Frozen semen straws were obtained from the Camel Research Center (King Faisal University) and stored in liquid nitrogen. Straws were thawed gradually at room temperature, and spermatozoa were washed to remove extender components prior to immunostaining.

2.2.3. Epididymal Sperm

Epididymal spermatozoa were collected postmortem from the cauda epididymis of 30 mature camels at a local abattoir during the rutting season. A small incision was made in the epididymal tail, and released spermatozoa were aspirated into sterile tubes containing phosphate-buffered saline (PBS), as previously described.

2.2.4. Sample Preparation

All sperm samples were washed twice in PBS by centrifugation at 2000 rpm for 5 min, and pellets were resuspended in PBS. A 15 µL aliquot was smeared onto Superfrost® slides (Thermo Fisher Scientific, Waltham, Massachusetts, USA), air-dried, and stored at −20 °C until use.

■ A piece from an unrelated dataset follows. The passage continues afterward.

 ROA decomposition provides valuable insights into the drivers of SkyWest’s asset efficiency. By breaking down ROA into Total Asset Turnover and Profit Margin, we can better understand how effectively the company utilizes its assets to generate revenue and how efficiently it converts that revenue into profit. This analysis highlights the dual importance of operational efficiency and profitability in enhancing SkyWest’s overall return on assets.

2.2.5. Fluorescent Immunostaining

Slides were circled with a hydrophobic barrier pen and rinsed in PBS. Non-specific binding was blocked with 1:20 normal rabbit serum (Sigma-Aldrich, St. Louis, MO, USA) for 20 min at room temperature. After rinsing, slides were incubated for 1 h at room temperature with rabbit polyclonal anti-Siglec-10 primary antibody (Molecule-On, New Zealand; Cat. No. AB-M-134; dilution 1:200). A FITC-conjugated goat anti-rabbit IgG secondary antibody (Abcam, Cambridge, UK; Cat. No. ab64261) was applied for 2 h at room temperature in the dark. After three PBS washes, coverslips were mounted with antifade medium containing DAPI (Vector Laboratories, Burlingame, CA, USA).

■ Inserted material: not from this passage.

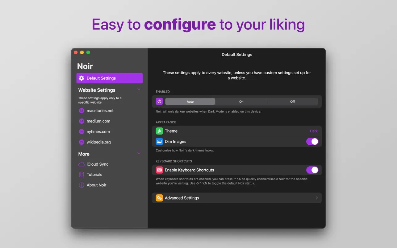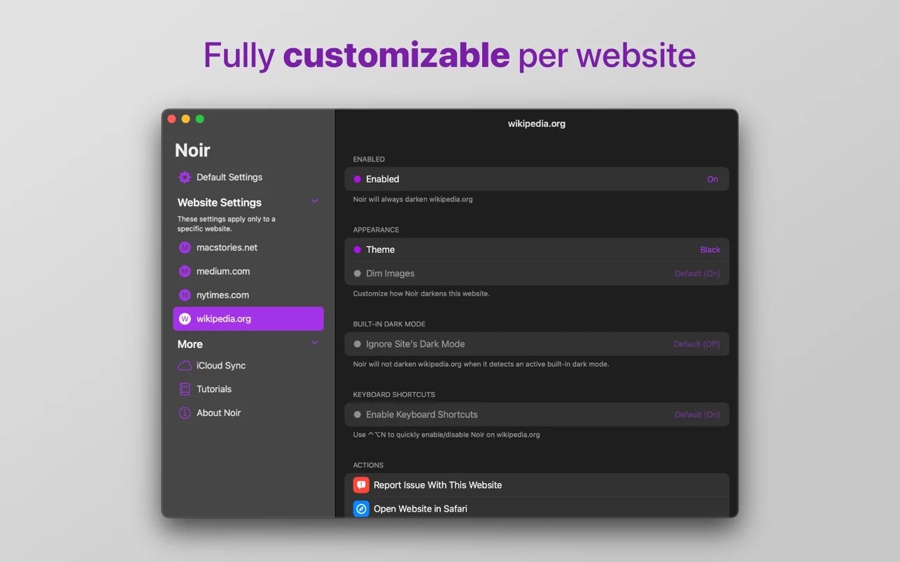Noir works automatically with any website you visit in Safari. By default, Noir is linked to your device’s dark mode, so websites will only turn off when you want them to. But you can easily customize this to your liking, even on a per-website basis. Want to use Noir on just a few specific websites? Sure! Disable Noir on some websites? No problem!

2.2.6. Chromogenic Immunostaining

Parallel smears were processed for chromogenic detection. After PBS rinses, endogenous peroxidase activity was quenched with 3% hydrogen peroxide (H2O2; Sigma-Aldrich) for 10 min. Non-specific binding was blocked with 1:20 normal goat serum (Sigma-Aldrich) for 20 min, followed by incubation with rabbit polyclonal anti-Siglec-10 antibody (Molecule-On, Auckland, New Zealand; Cat. No. AB-M-134; dilution 1:200) for 1 h at room temperature. Slides were washed and incubated with an HRP-conjugated goat anti-rabbit IgG secondary antibody (Abcam, Cambridge, UK; Cat. No. ab64261) for 30 min, followed by avidin–biotin complex (Vector Laboratories, Burlingame, CA, USA) for 20 min. Visualization was performed with 3,3′-diaminobenzidine (DAB; Sigma-Aldrich) for 5 min, counterstaining with hematoxylin, dehydration in graded ethanol, and mounting with DPX (Sigma-Aldrich).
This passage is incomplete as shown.